For each $x\in S$, the functions $a_x: [0,T_{\max}|\rightarrow \mathbb{R}$ are called *optimal encoding* of the state $x$.

The eigenvalue problem becomes in terms of encodings:

$$\lambda a_x(t) = \sum_{y\in S}\displaystyle\int_{0}^{T_{\max}}\frac{p_{x,y}(t,s)}{p_x(t)}a_y(s)ds, \ \ \ \ \ \forall x \in S, \forall t\in [0,T_{\max}], $$
where$p_{x,y}(t,s) = \mathbb{P}(X_t=x, X_s=y)$ and $p_x(t)= \mathbb{P}(X_t=x)$.

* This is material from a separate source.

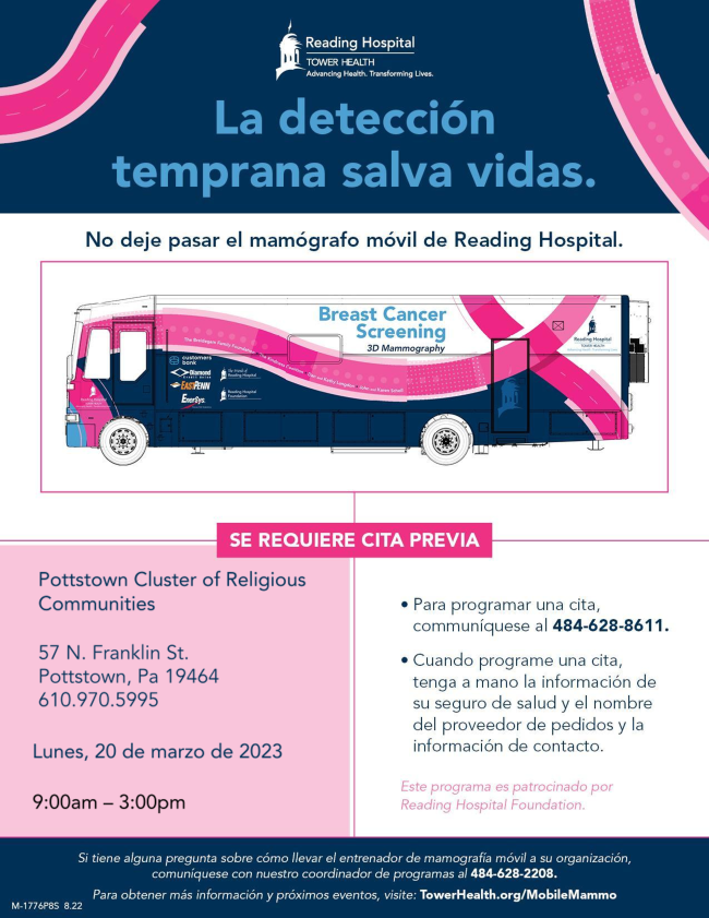 On March 20, Pottstown Cluster of Religious Communities will be hosting the Reading Hospital Mobile Mammography Coach.
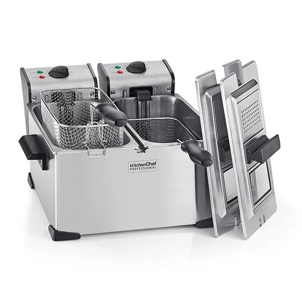 Sécurisé, un thermofusible de sécurité ré-enclenchable vous garantit une utilisation en toute sécurité. Grâce aux couvercles en inox avec vitres transparentes, vous pourrez surveiller et contrôler vos cuissons. Un filtre permanent en inox est inclus pour chacun des bacs de cette friteuse, pour une utilisation à l’infini ! Filtres en prime compatibles au lave-vaisselle. Entièrement démontable, vous la nettoierez facilement. Réglable, son thermostat varie jusqu’à 190°C pour des températures maîtrisées.

Under general conditions (continuity in probability of $X$), there exists $\{\lambda_i\}_{i\geq1}$ positive eigen-values and
$\{a_x^i\}_{i\geq 1}$
eigen-functions.

The following expansion formula holds (Mercer thm.):

$$p_{x,y}(t,s) = p_x(t)p_y(s)\sum_{i\geq 1}\lambda_{i}a^i_x(t)a^i_y(s)$$
For $x=y$, one obtains:

$$p_x(t) =\displaystyle\frac{1}{\displaystyle\sum_{i\geq 1}\lambda_{i}a^i_x(t)a^i_y(s)}$$



We are interested in approximating the encoding functions, $a_x$, by

$$a_{x} \approx \sum_{i=1}^m \alpha_{x,i}\phi_i, $$
where $\mathbf{\alpha_x} = (\alpha_{x,1}, \ldots, \alpha_{x,m}) \in \mathbb{R}^m$ are the expansion coefficients onto a basis of functions defined on $[0,T]$, $\{\phi_1, \ldots, \phi_m\}$, $m \geq 1$.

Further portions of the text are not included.